Why Gravity's Roster Swaps Are Promising
With the recently announced acquisition of Johnny “Altec” Ru to replace David “Cop” Roberson, as well as Kang “Move” Min-su stepping in for the retiring Brandon ”Saintvicious” DiMarco, many fans have begun to doubt the Gravity management, losing a key leadership figure in the jungle, and one of their best performing Spring Split players in Cop. While the moves may lead to a worse performance in the Summer Split, Gravity Gaming’s roster swaps should allow for more long term success through the 2016 season.
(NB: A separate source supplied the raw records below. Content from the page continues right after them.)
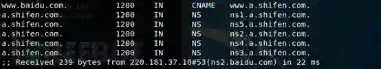 看到上面的情况,问题就来了,按照一般的逻辑,当dns请求到别名的时候,查询会终止,而是重新发起查询别名的请求,所以此处应该返回的只是www.a.shifen.com。但是为什么返回a.shifen.com的这个域的NS呢?
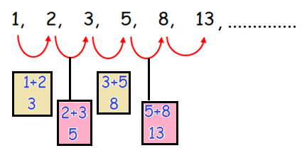 1, 2, 3, 5, 8, 13, .............
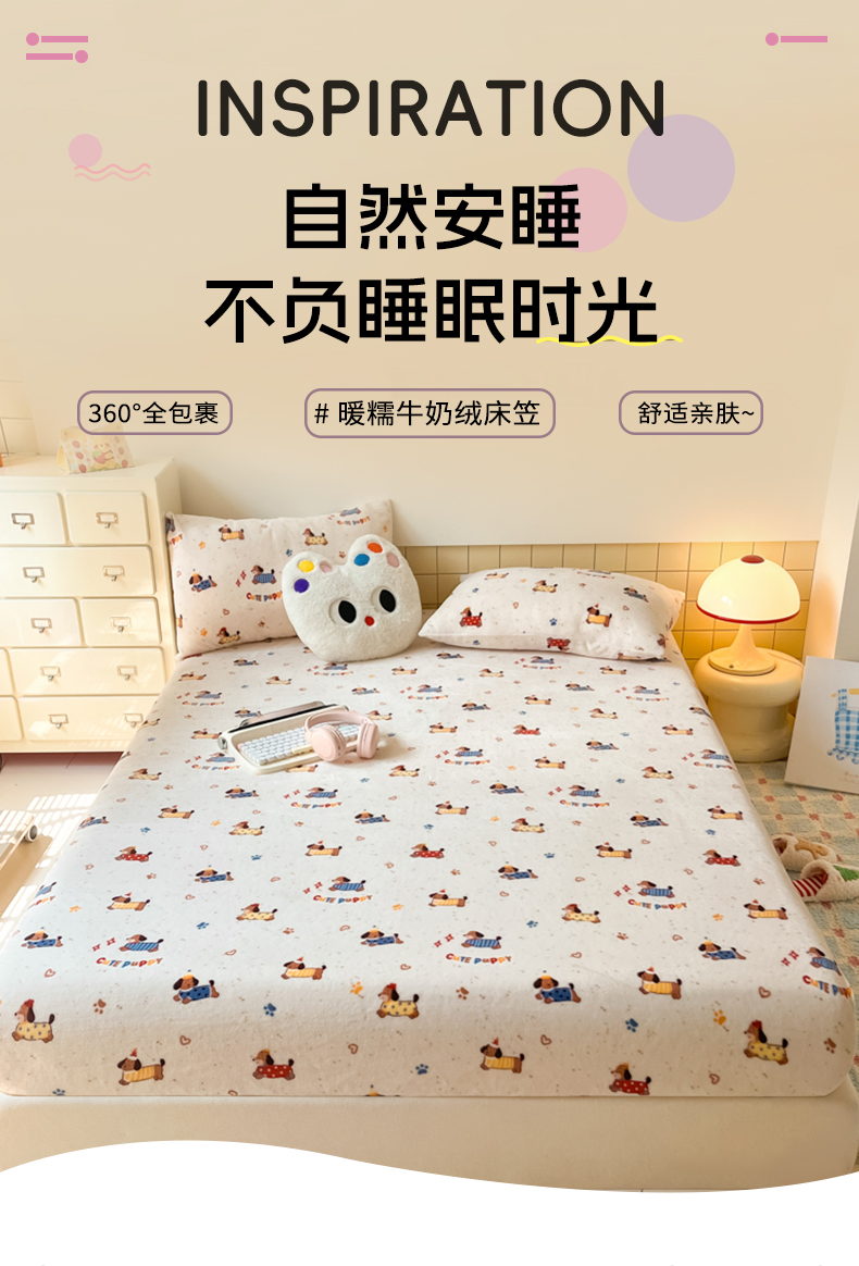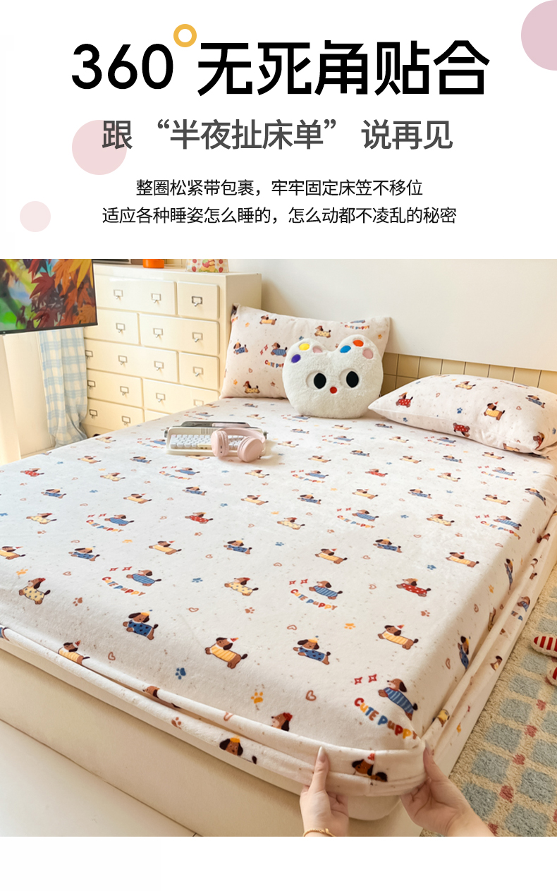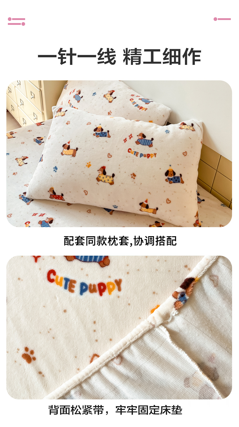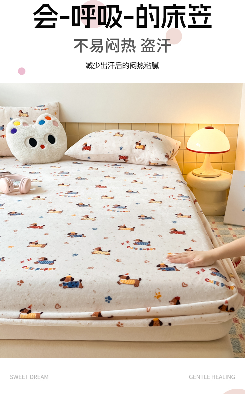 • 91家纺网 家纺一手货源 找家纺 爱彼家纺 2025新款高克重牛奶绒卡通床笠单床笠单件 小狗派对
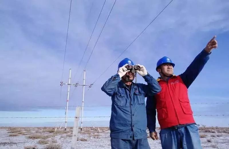 11月2日,新疆阿勒泰供电公司员工金克斯、杜祖胜在布尔津县220千伏龙丰Ⅱ线45号塔处加固防外破警示牌。(陆建刚)
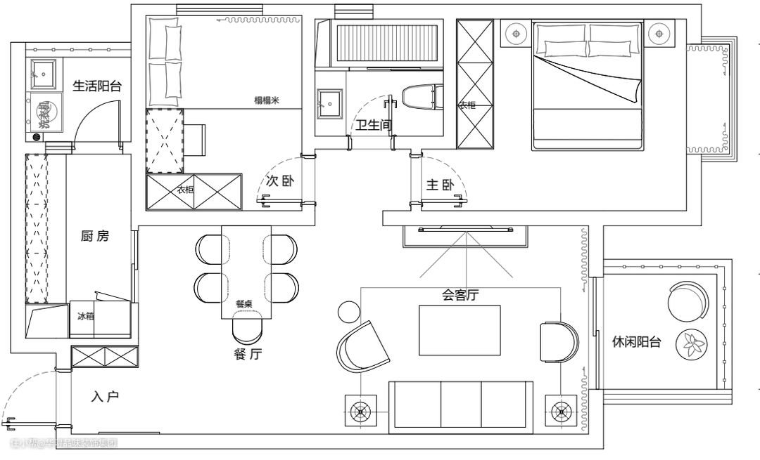 此户型为两房两厅一厨一卫并带有生活阳台和休闲阳台的结构,从入户玄关进来映入眼帘的是客餐厅,客厅可以通往休闲阳台。厨房位于入户玄关的左侧,生活阳台需要从厨房经过,客餐厅中间位置的过道两侧分别是主卧和次卧,卫生间位于主次卧中间。
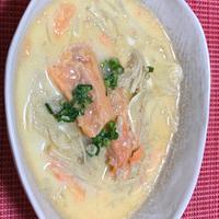 - 7 サーモンに火が通ったら、無調整豆乳を加え沸騰しないよう中火で5分程煮込みます。
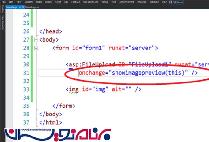سپس متد تعریف شده در اسکریپت بالا را در رویداد "()onchange" کنترل Fileupload قرار میدهیم .کد زیر را به تگ کنترل Fileupload اضافه میکنیم :
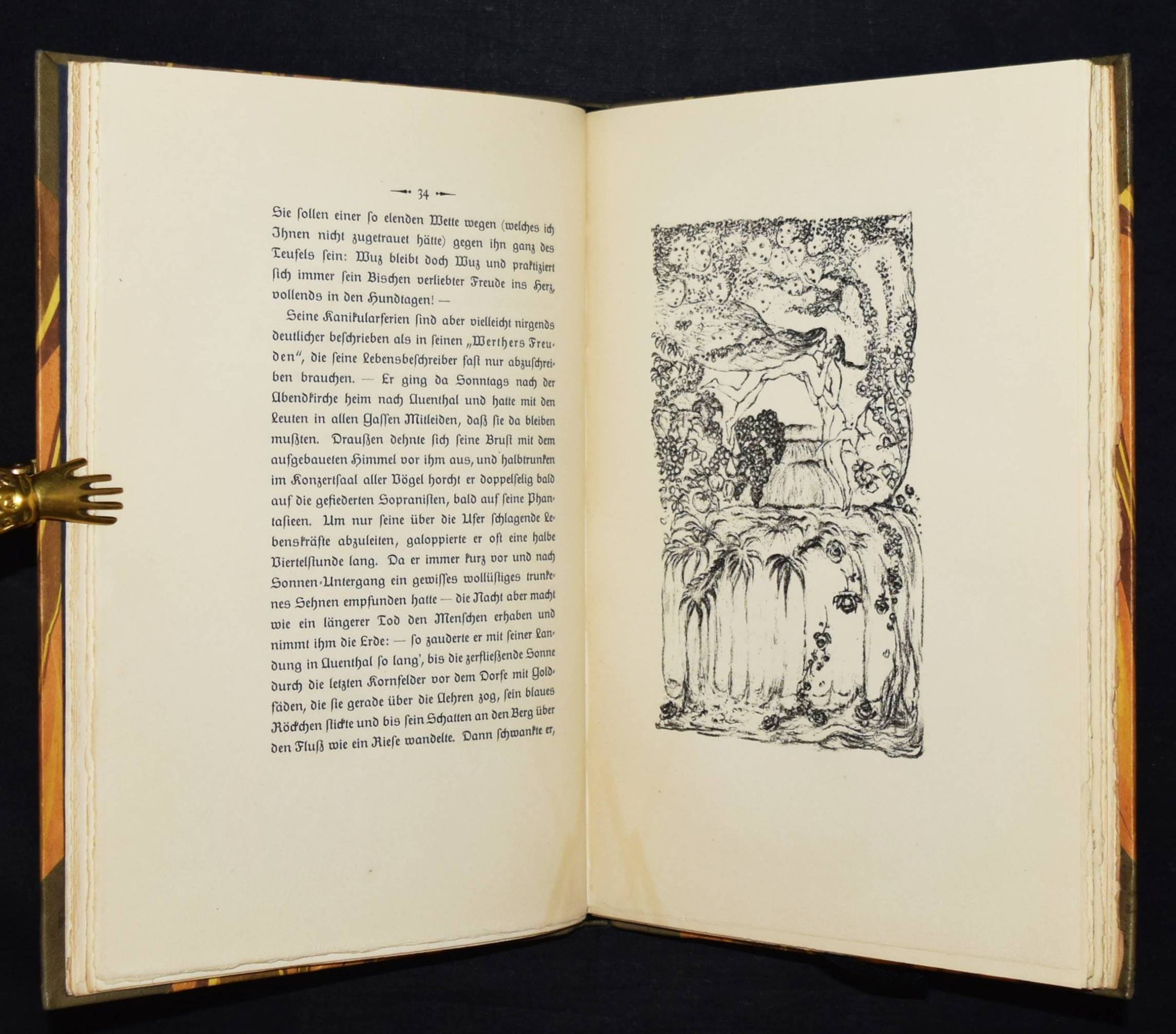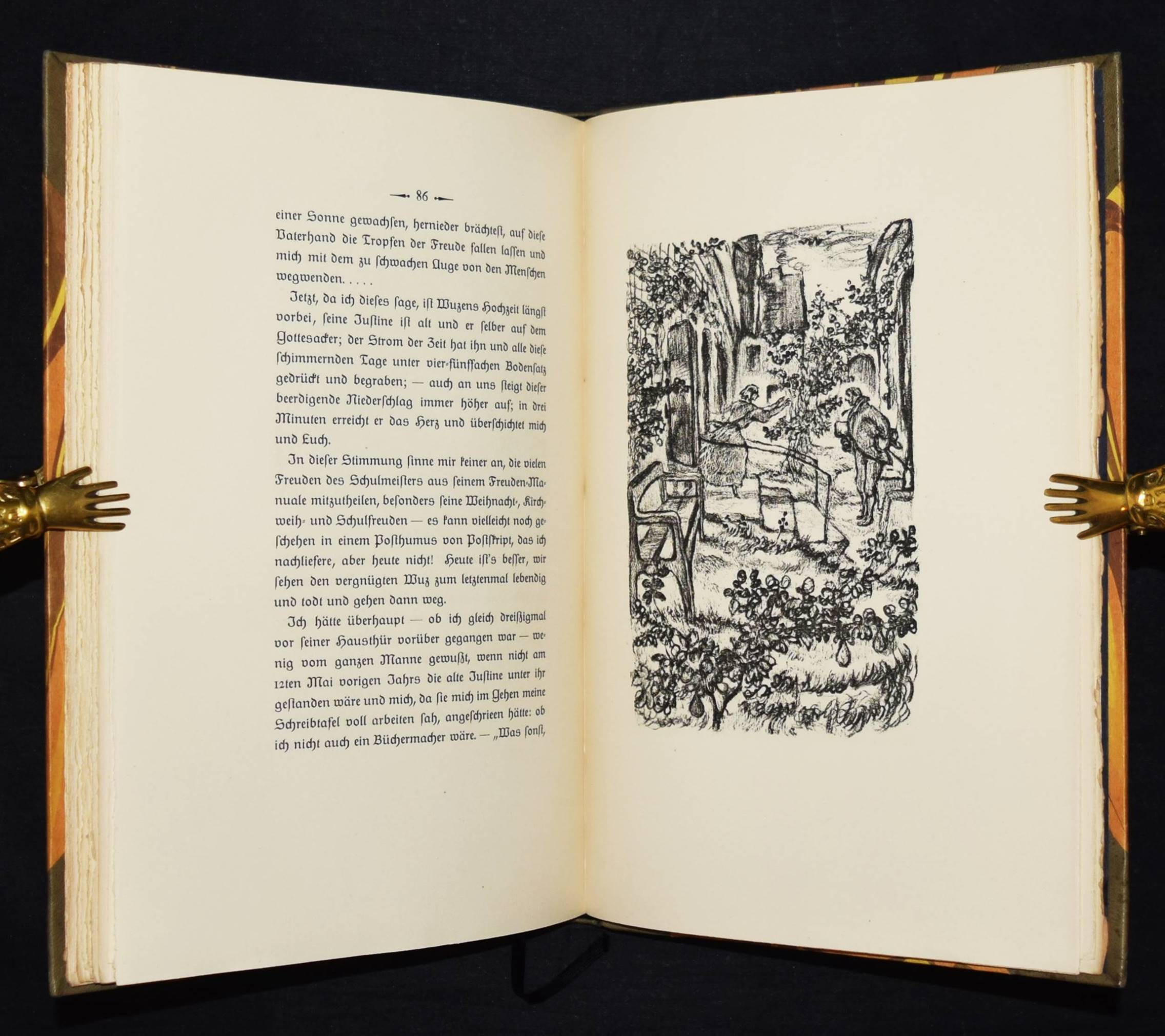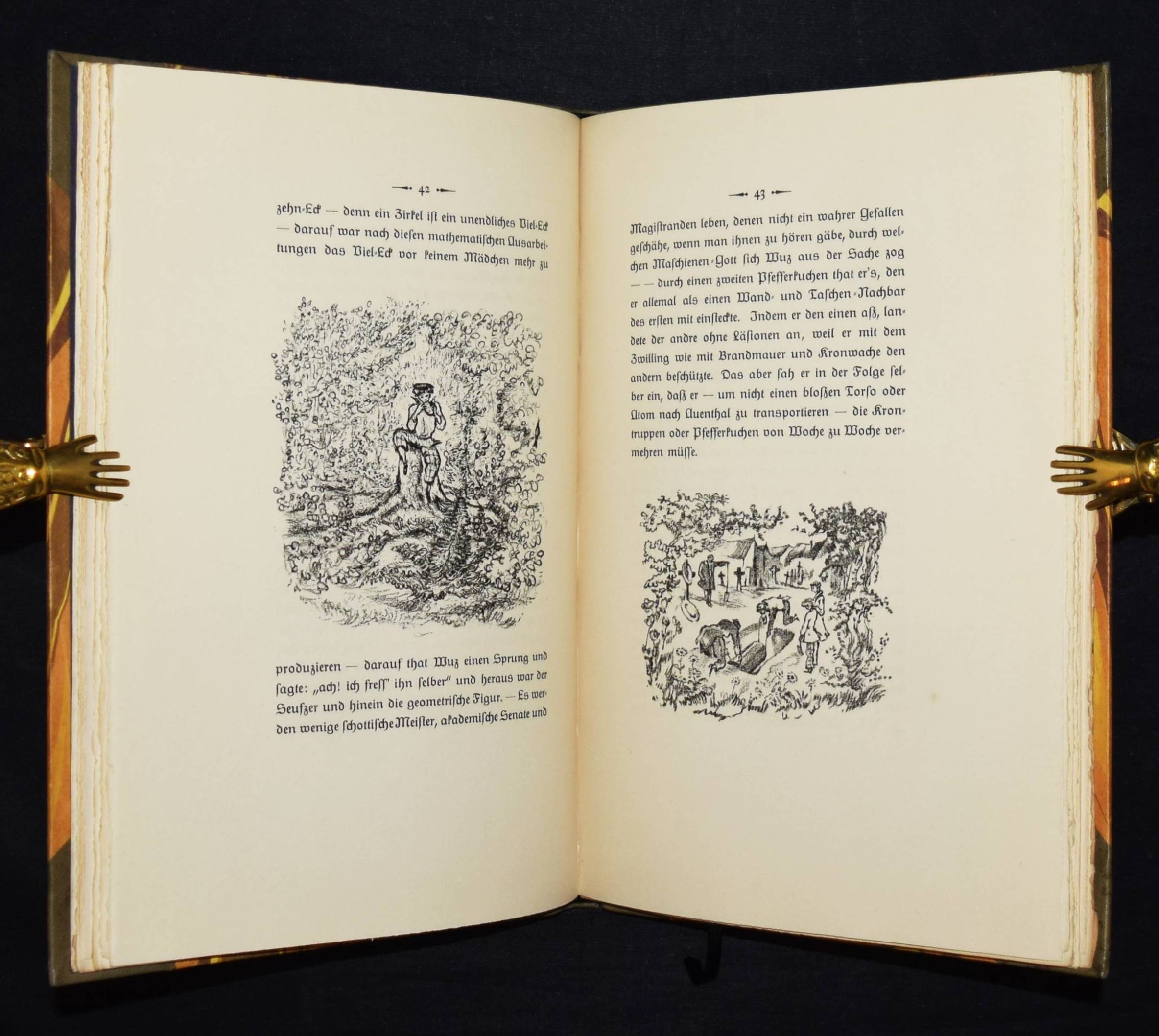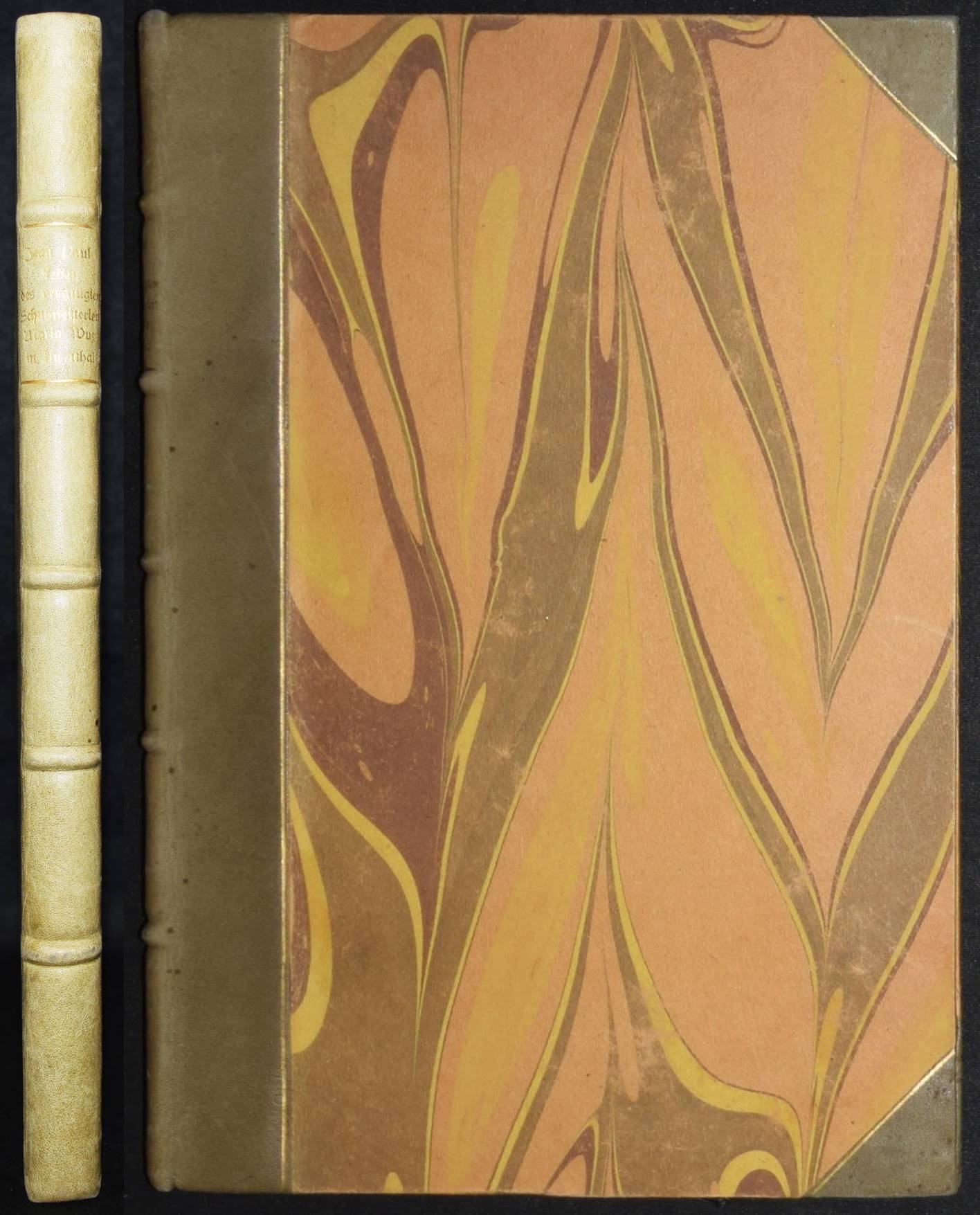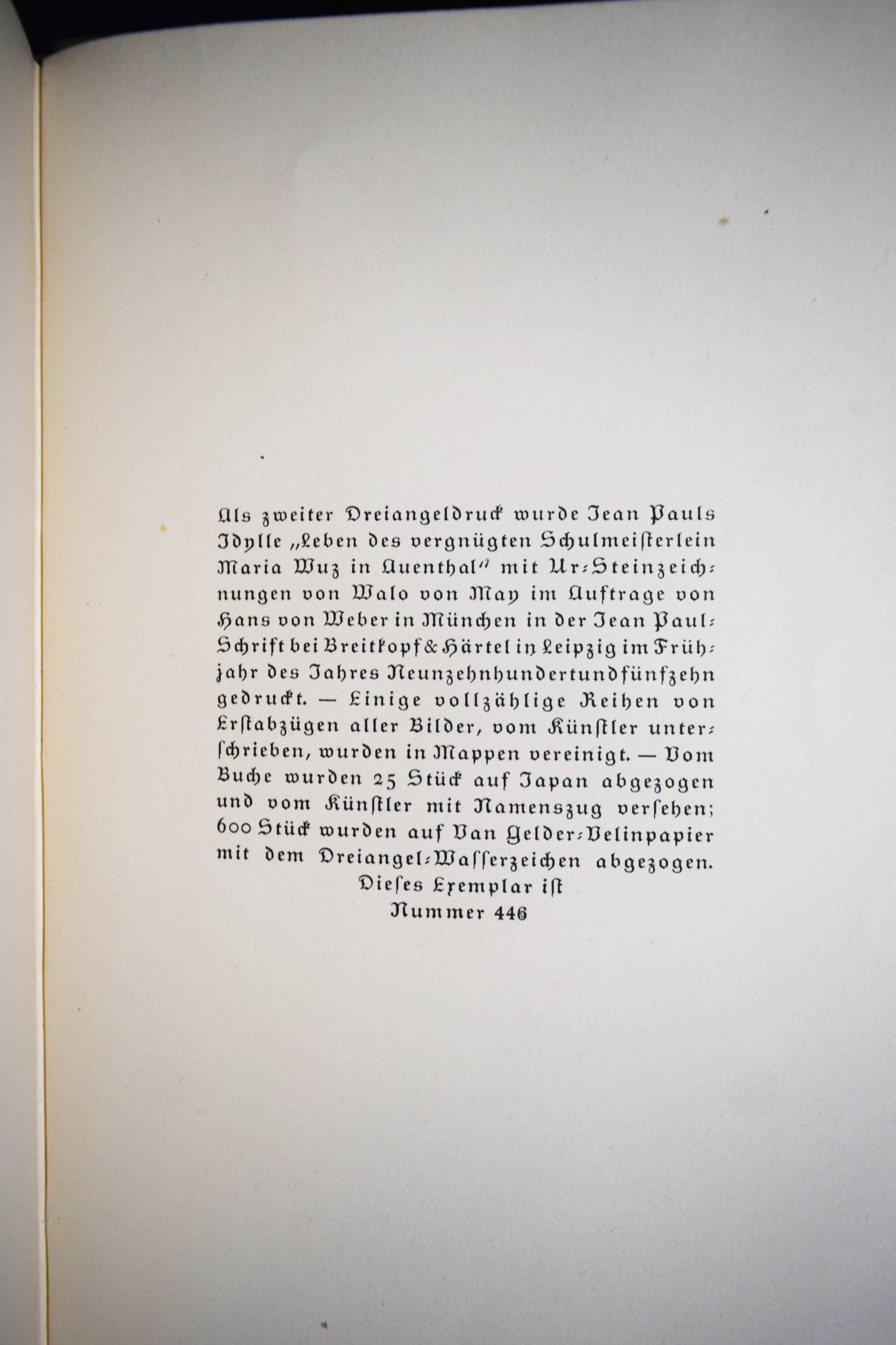 Jean Paul (d. i. Johann Paul Friedrich Richter). Leben des vergnügten Schulmeisterlein Maria Wuz in Auenthal. Eine Art Idylle. München, Hans v. Weber 1915. 4°. 109 S., [1] Bl. mit 60 (4 ganzs.) Orig.-Lithographien von Walo von May. Grauer Orig.-Halblederband mit goldgepr. Rückentitel, 5 unechten Bünden u. Kopfgoldschnitt (monogrammiert ″WFB″). (2. Dreiangeldruck). Rodenberg, 416, 2. Schauer II, 62. Sennewald 15. – Eines von 600 Exemplaren auf Van Gelder-Velin. – Einband geringfügig berieben, schönes Exemplar.

Altec has long been considered a North American prodigy, and on a struggling Winterfox team consistently managed to stand out as a star performer, even when Pobelter struggled. Altec has showed great mechanical prowess in NA solo queue as well as playing consistently well throughout two splits in the LCS. Meanwhile, Cop has performed outstandingly on Gravity, elevating himself from “consistent” to consistently outstanding. This has lead to people doubting the decision to swap out Cop for Altec.
Gravity has never be en expected to qualify for Worlds. They will most likely not place first in the Summer Split Playoffs, and with their current point deficit, overall point qualification has also been rendered improbable. There is a possibility for qualifying through the Regional tournament, but with this new roster, advancing to the finals of that tournament and winning seems a difficult task. So what makes this a good move? For starters, Altec turned a tender eighteen on May 8. In comparison, Cop is 22 years old, with his 23rd birthday fast approaching this summer. While Cop may have performed at a slightly higher level last split, Altec has a much higher skill cap, shown in his ability to take over games even on a struggling Winterfox.
Altec has also proven himself to be more versatile in terms of meshing with supports, playing very well with a rotating roster of supports despite a lack of time to properly build chemistry with them. Cop has shown a similar ability, however while he personally synergizes in lane with BunnyFuFu, he prefers a more passive laning style while Altec has proved to be able to adapt to having passive, aggressive, and simply weak supports.
In the jungle, EDG academy player Move steps in for Saintvicious. While not much is known of him, Move has become notorious for stellar Rek’Sai play in solo queue. The acquisition of a more mechanically talented and less personally confrontational jungler can ultimately yield good results, but the initial difficulties in communication and synergy will hamper Gravity’s performance early in the season, lest they work out all the kinks in scrims.
Gravity’s pickup of Altec is definitely one for the future, as they gain a mechanical star, but will temporarily lose the stableness that came with Cop as Altec settles in. And while they have no choice but to bring in a new jungler for the retiring Saintvicious, Move looks to be a solid technical player, definitely a step up from Saint in that regard. Whether or not they can replace the overall impact of two mechanically lesser players in terms of team dynamic remains to be seen, but with time to grow this new Gravity roster can be very scary.